Witte v. Old Nat. Bank of Spokane

189 P.2d 250, 29 Wash. 2d 704, 1948 Wash. LEXIS 449
CourtWashington Supreme Court
DecidedJanuary 22, 1948
DocketNo. 30242.
StatusPublished
Cited by7 cases

This text of 189 P.2d 250 (Witte v. Old Nat. Bank of Spokane) is published on Counsel Stack Legal Research, covering Washington Supreme Court primary law. Counsel Stack provides free access to over 12 million legal documents including statutes, case law, regulations, and constitutions.

Bluebook
Witte v. Old Nat. Bank of Spokane, 189 P.2d 250, 29 Wash. 2d 704, 1948 Wash. LEXIS 449 (Wash. 1948).

Opinions

*705 Schwellenbach, J.

This is an appeal from an order of dismissal after sustaining a demurrer to the amended complaint.

The amended complaint follows:

“(1) That she is the surviving spouse of E. A. Witte, deceased,' who died in Whitman County, in the month of January, 1942. That at the time of the death of the said E. A. Witte, the plaintiff and the said E. A. Witte owned approximately five hundred thousand dollars worth of community property.
“(2) That, with intent to defraud the plaintiff, the said E. A. Witte drew a will falsely stating that the said property was not community property, but was the separate property of the said E. A. Witte, and named his children, Adam Witte, Clarence Witte, and Eva Kerns as the devisees of his said estate.
“(3) That under the said will the Old National Bank of Spokane, defendant herein was appointed executor or administrator and acted in such capacity, and John Evans was chosen by the said Bank and acted as the attorney for the said executor.
(4) That for the purpose of defrauding the plaintiff, the said E. A. Witte had placed large amounts of real property in the names of his various children, devisees under the will.
“(5) That an agreement was entered into between the plaintiff and the devisees for a division of the property providing that the status of the property, whether separate or community should be thereafter determined.
“(6) That the defendants herein, as trustees of the said estate acted in collusion with the devisees under the said will, and disregarding the terms of the agreement that the status of the property should be determined, inventoried the said property as the separate property of the deceased. They well knew all of the facts in relation to the said property, and their actions in inventoring the said property as separate property was not an attempt to fairly represent the said estate but was in the interest of the said devisees here-inbefore named.
“(7) That the said defendants well knew that the said E. A. Witte had fraudulently placed various pieces of real property in the names of his children, but they refused to inventory the said property in the estate, although requested to do so.
“(8) That by reason of the action of the said defendants *706 in inventonng the said real property falsely, and failing to inventory in the estate the real property belonging to the estate, the plaintiff was forced to go to a large amount of expense in employing consel, and in resisting the attempt to distribute the property under the said theory.

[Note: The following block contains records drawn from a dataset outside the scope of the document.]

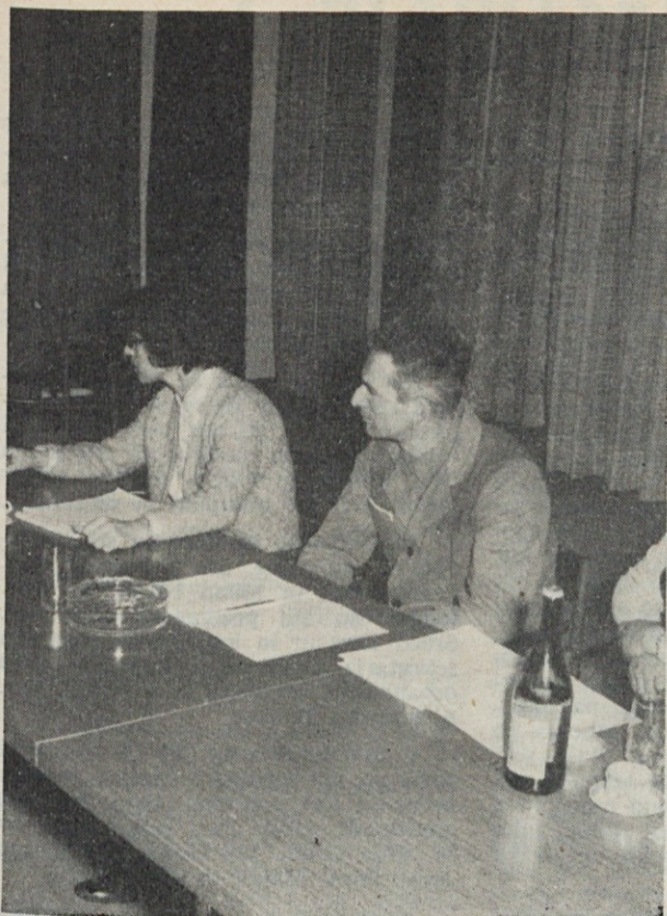
V sejni sobi se da dolgo v miru delati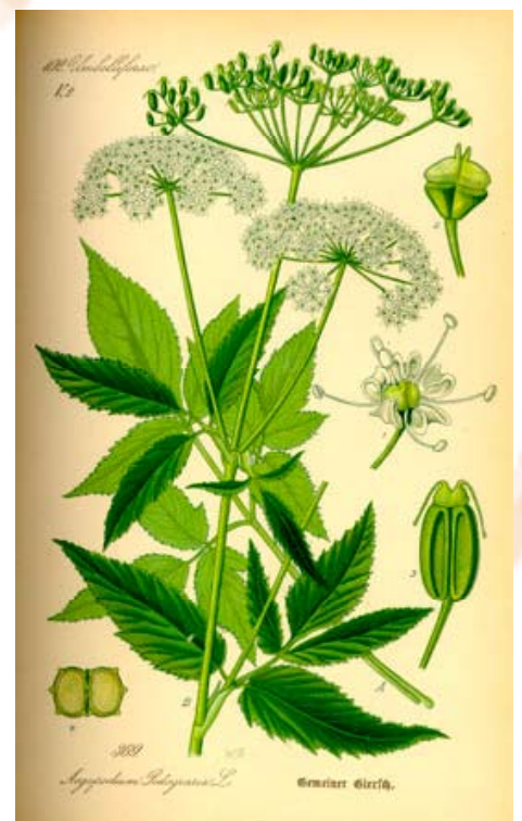
Skvalderkål - brug blade og stængel fra marts til juni.

Erstat ca. 1 dl rasp med 4-500 gram fars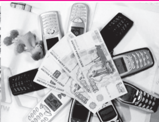
Мошенничество по телефонам Стр. 12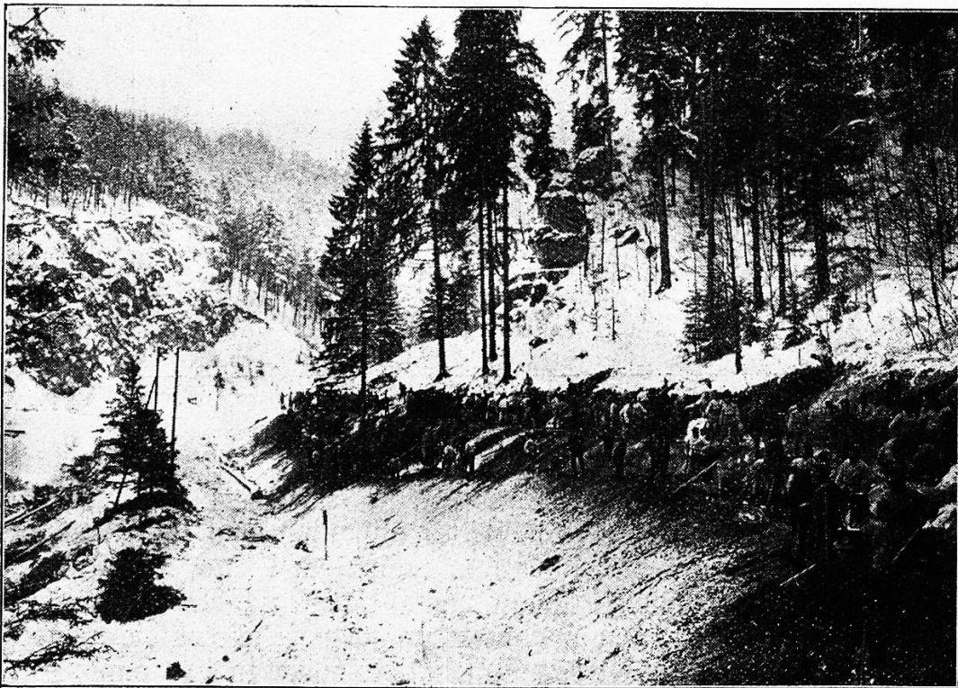
Wegverbesserung in der Schlucht der Pierre-Pertuis.

Im Gewühle des Kampfes gestaltet sich Napoleons persönliche Lage immer gefährlicher. Er sieht, daß seine bewährtesten Krieger dem feindlichen Ansturm nicht mehr stand zu halten vermögen, daß Fußvolk und Reiterei in ungeordneten Haufen gegen Rossomme zurückweichen, vom jauchzenden Feinde verfolgt. Ein Adjutant nach dem andern kommt mit der Meldung, alles sei verloren. Bleich, an diesem Tage überdies von einem schmerzhaften Uterleiden gepeinigt, richtet der Kaiser die Blicke auf die niederschmetternden Vorgänge um ihn. „Ich glaube, sie sind mitten unter uns“, sagt er zu einem der Generale seiner Umgebung, und einen Rat desselben in der verzweifeltsten Lage verwirft er mit der Erklärung: „Zu spät! Retten wir uns!“ Und während die Garde noch ihren heldischen Widerstand fortsetzt, bis sie endlich erschöpft die Waffen strecken muß, flieht er, wie von panischem Schrecken er-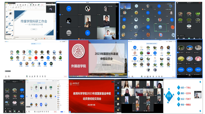
各学院线上会议召开情况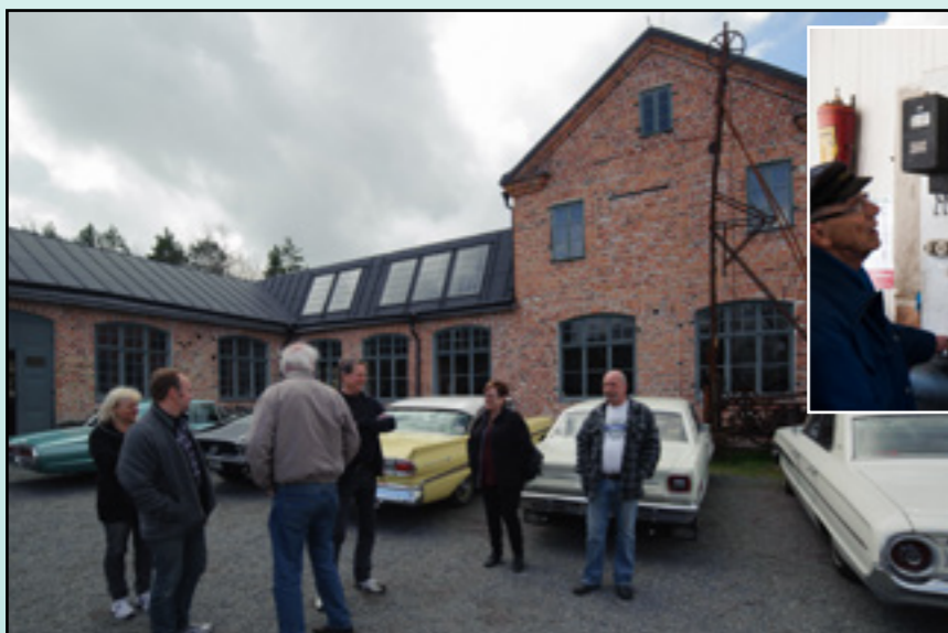
Ankomst till fabriksgården utanför verkstaden.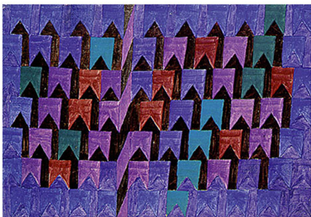
Bandeirinhas (dec. 1970)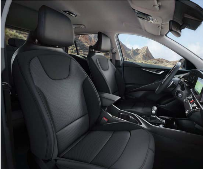
Sitzbezüge in Stoff, Charcoal (CCV) (Core)

Im Innenraum des Kia Niro kommen sorgfältig ausgewählte Materialien zum Einsatz, damit du dich vom ersten Moment an wohlfühlst. Je nach Ausstattungsvariante stehen für die Sitze Bezüge in Stoff, Stoff-Leder-Kombination (mit hochwertiger Ledernachbildung) oder Leder kombiniert mit hochwertiger Ledernachbildung zur Wahl.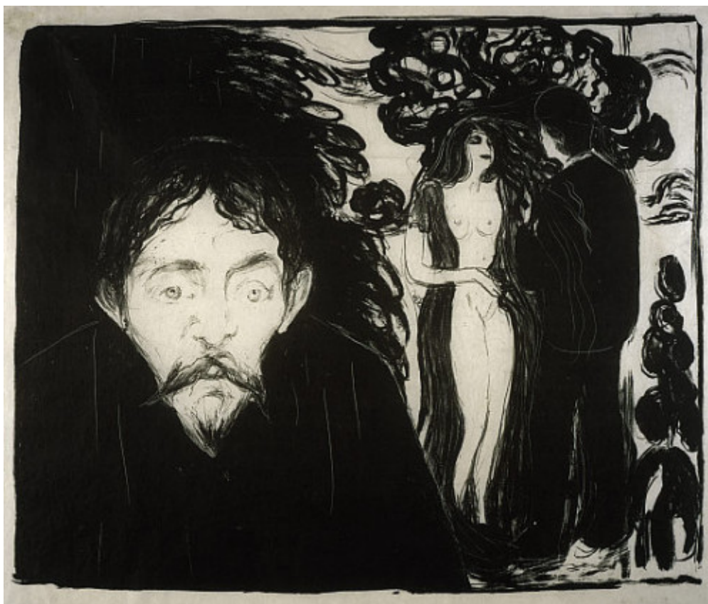
Document 1 : Jalousie II , 1896 Lithographie sur papier, 46,5 x 57 cm, Collection particulière.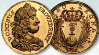
Norway. 2 Ducats, ND. Frederik III. Fr-5b. Bruun-6738. NGC MS-66★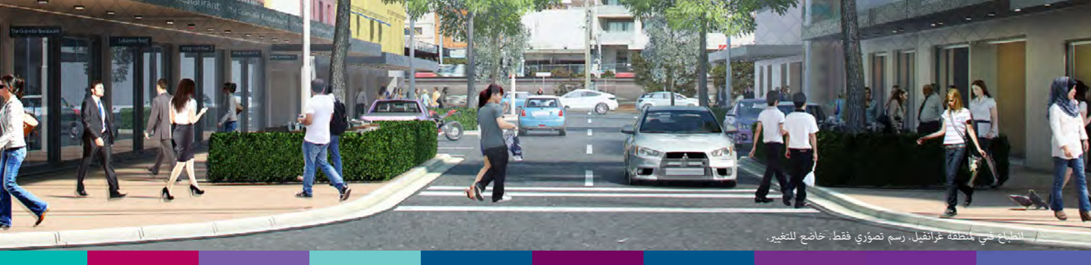
الطريق هي المنطقة غراففيل، رسم تصوّري فقط، خاضع للتغيير.

بعد ثلاث سنوات من التعاون والتشاور مع البلديات الواقعة في "محيط باراماتا رود" والمجتمعات المقيمة فيه أصبح لدينا الآن إستراتيجية تدعم النمو والتغيير والاستثمار.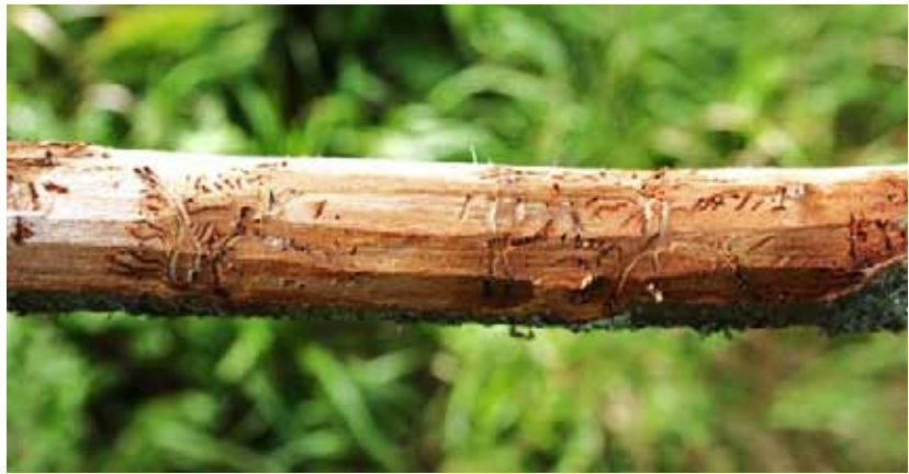
Obr. 6 Tenký smrekový konár napadnutý lykožrútom lesklým

Certifikácia lesa zvyčajne obmedzuje obhospodarovateľa vo využívaní všetkých metód ochrany v rámci princípov integrovanej ochrany lesa. Z tohto dôvodu nevyužívanie pesticídov môže spôsobiť nedostatočné asanovanie atraktívnej hmoty a vznik nových ohnisk podkôrneho hmyzu.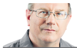
ANDRÉ DUCHESNE TEXTES ET PHOTOS NORMANDIE

Elle est tellement visible qu'elle a servi de point de repère pour les péniches chargées de soldats canadiens à l'assaut des plages de Bernières-sur-Mer, le matin du débarquement. Et pourtant, elle demeure aujourd'hui l'un des secrets (touristiques) les mieux gardés de la Normandie.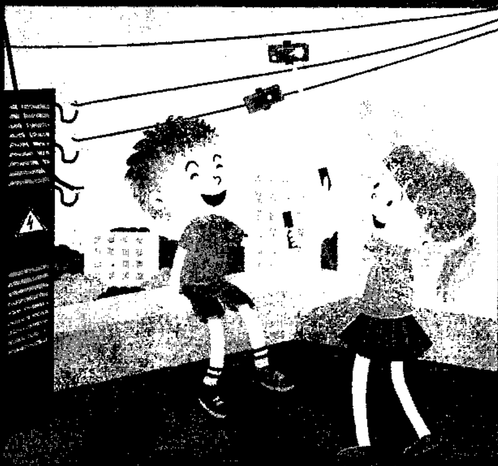
Нельзя использовать палку для селфи рядом с электрооборудованием и линиями электропередачи!

Обращаем ваше внимание на необходимость соблюдения правил поведения вблизи энергообъектов! Линии электропередачи и иные электроустановки – источник повышенной опасности! В зоне риска – наши дети! Энергетики убедительно просят вас, уделите пять минут и прочитайте вместе со своими детьми основные правила электробезопасности!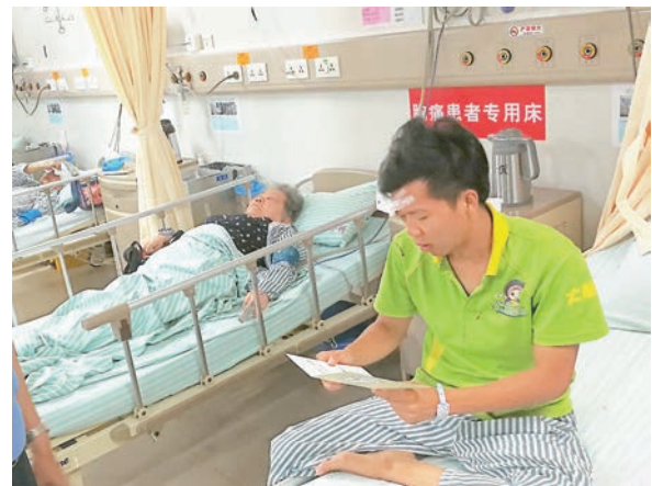
香港旅行大巴事故中的導遊在閱讀慰問信。

據廣州警方昨晨最新通報,25日晚19時44分許,廣州鏡湖高速南二環東行79千米處,發生一宗一輛粵牌大客車與一輛湘牌中型貨車碰撞的交通意外。事故造成2人死亡(香港籍),多人受傷。據悉,遭遇車禍的香港旅行團,除了司機和導遊外,其餘均為香港居民,其中有多位中老年人。不幸身故的兩名港人為一男一女的60歲以上長者,9名受傷港人仍需分別在番禺區中心醫院、廣州市第一人民醫院南沙分院救治。其他32名團友已經獲安排回港。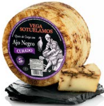
De Oveja Curado Con Ajo Negro Cont. Net.: variable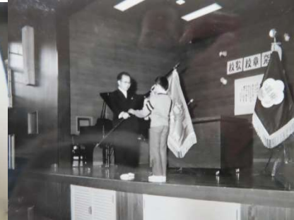
校歌や校旗の発表会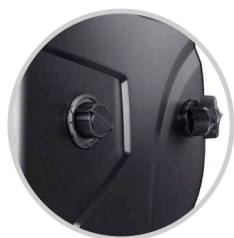
REGULADOR GRADO OSCURIDAD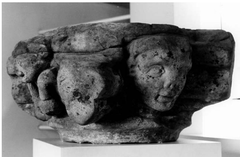
Fig. 2 Clef de voûte provenant de l'église.

À cette époque, Jacques de Lorraine (1239-1260) évoque un établissement déjà important, « aux innombrables bâtiments de construction somptueuse » (7).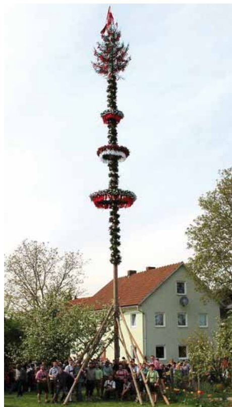
Bild: Maibaum der ÖVP Ennsdorf.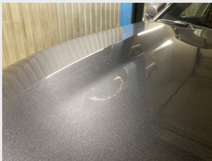
2.3 Mye striper panser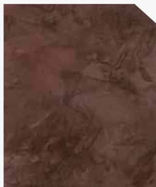
สีน้ำตาลเข้ม / Dark Brown #AF-0203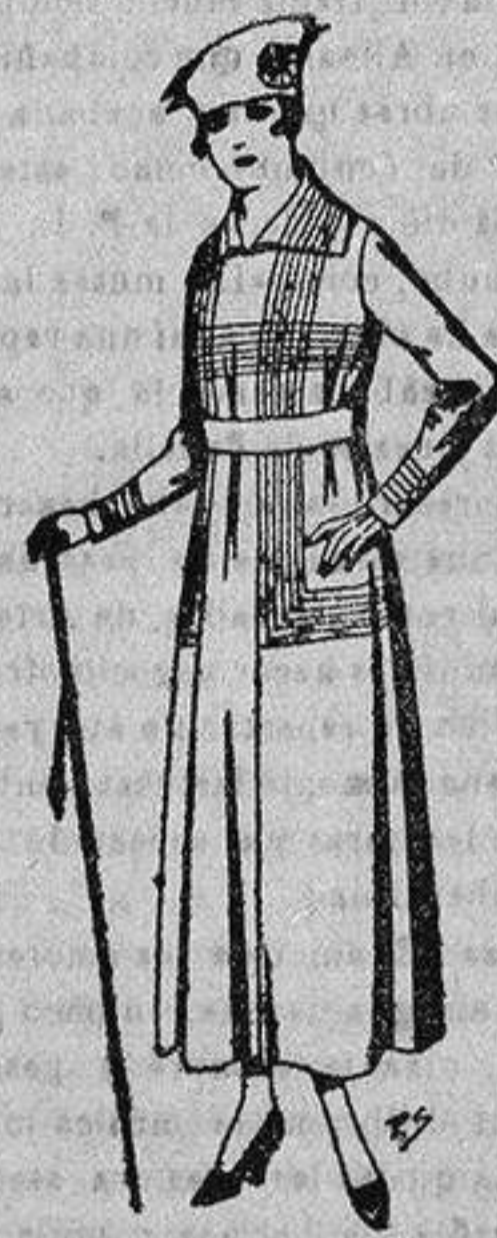
Vestidos de gabardina, es- Gabanes de patén mismos, para jóvenes de tambre, en negro, azul y para niños de 4 a 9 años, de ptas. 25 a 65.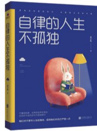
《自律的人生不孤独》 作者:初小軌 出版社:北京联合出版公司

二十四节气是中国人的发明,但其影响早已跨越国界,成为了东亚和东南亚各国人民共享的知识。有关二十四节气的诸多具体知识,或许只有特定地区或较少数量的人群有比较清晰的掌握,但这一知识系统却潜移默化地影响着几乎所有中国人的日常生活,也就是说,我们每个人都是二十四节气的传承人。就此而言,围绕二十四节气相关问题进行积极的调查、搜集、研究、出版和推广等工作,对于我们更加全面、深入地了解和认识这一作为自己传统重要有机组成部分的知识体系,更为有效地维护这一知识体系的传承和发展,都具有不可忽视的意义。而这一点,也正是《花开未觉岁月深:二十四节气七十二候花信风》这本书出版的价值所在。(来源:新华读书)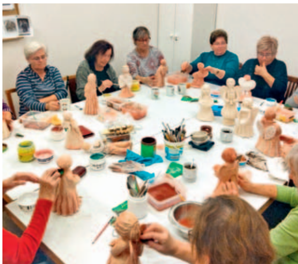
Společné tvoření žen v S-klubu.

A to nejlepší na závěr roku. Právě probíhá dokončování skupiny sošek, kterým říkáme pracovní „sbor andělů“. V průběhu tvoření se do S-klubu přidaly další členky, a tak vzniklo více než patnáct figur, které jsou ná-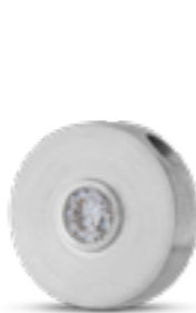
AH 075 Matt H 1.9 cm Sowohl in Silber als auch in Gold mit Zirkonia

That the said actions were not in any way in the interest of the estate but were opposed to the interest of the estate.
“(9) That under the theory that the property of the estate was separate property, the said defendants, without any order of the Court paid to the United States Government and the State of Washington a large and excessive amount of taxes, which would have been no lien against the estate if the inventory had been proper.
“(10) That acting for and in the interest of the devisees under the will and against the interest of this plaintiff, the defendants filed a final account, asking the Court to distribute the property of the estate under the false and fraudulent will and under the false and fraudulent inventory as filed therein. That the true facts were not advanced by the defendants in that cause and the Court found that all of the said property was separate property.
“(11) That the said Adam Witte, Clarence Witte, and Eva Kerns made no appearance at the time of the final account, but were represented by the defendants. That the matter was appealed from the judgment of the lower Court, and the said devisees were not represented in the Supreme Court but the attorney, John Evans, appeared for the said parties in the Supreme Court, and filed a brief and argued orally that the property was separate property and should not be inventoried in the estate. That the said appearance in the Supreme Court was not in the interest of the estate, but was in the interest of the devisees under the will and against the interests of the estate and against the interests of this plaintiff.
“(12) That the Supreme Court held that the said property and each and all thereof was community property, that all of the said property was wrongfully inventoried as separate property and that the payment of the excessive taxes was wrongful and the real estate and personal property was thereafter distributed under a new inventory, and plaintiff was given a large recovery from the estate.
“ (13) That all of the action of the defendáis in the above entitled estate were wrongful and were not in the interest of the said estate, but were made by the defendants with full knowledge of all of the facts herein for the purpose of defrauding plaintiff.
*707 “(14) That by reason of the fraudulent action of the defendants as aforesaid, plaintiff has been to large expense in employing counsel in costs, in time lost, in transportation, in interest for moneys delayed in the accounting, and in the reduction of her distributive share in the estate, all to the amount of $25000.00.
“Wherefore, plaintiff prays judgment in the sum of $25000.00, for her costs and disbursements, and for such other and further relief as to the Court may seem meet and equitable.”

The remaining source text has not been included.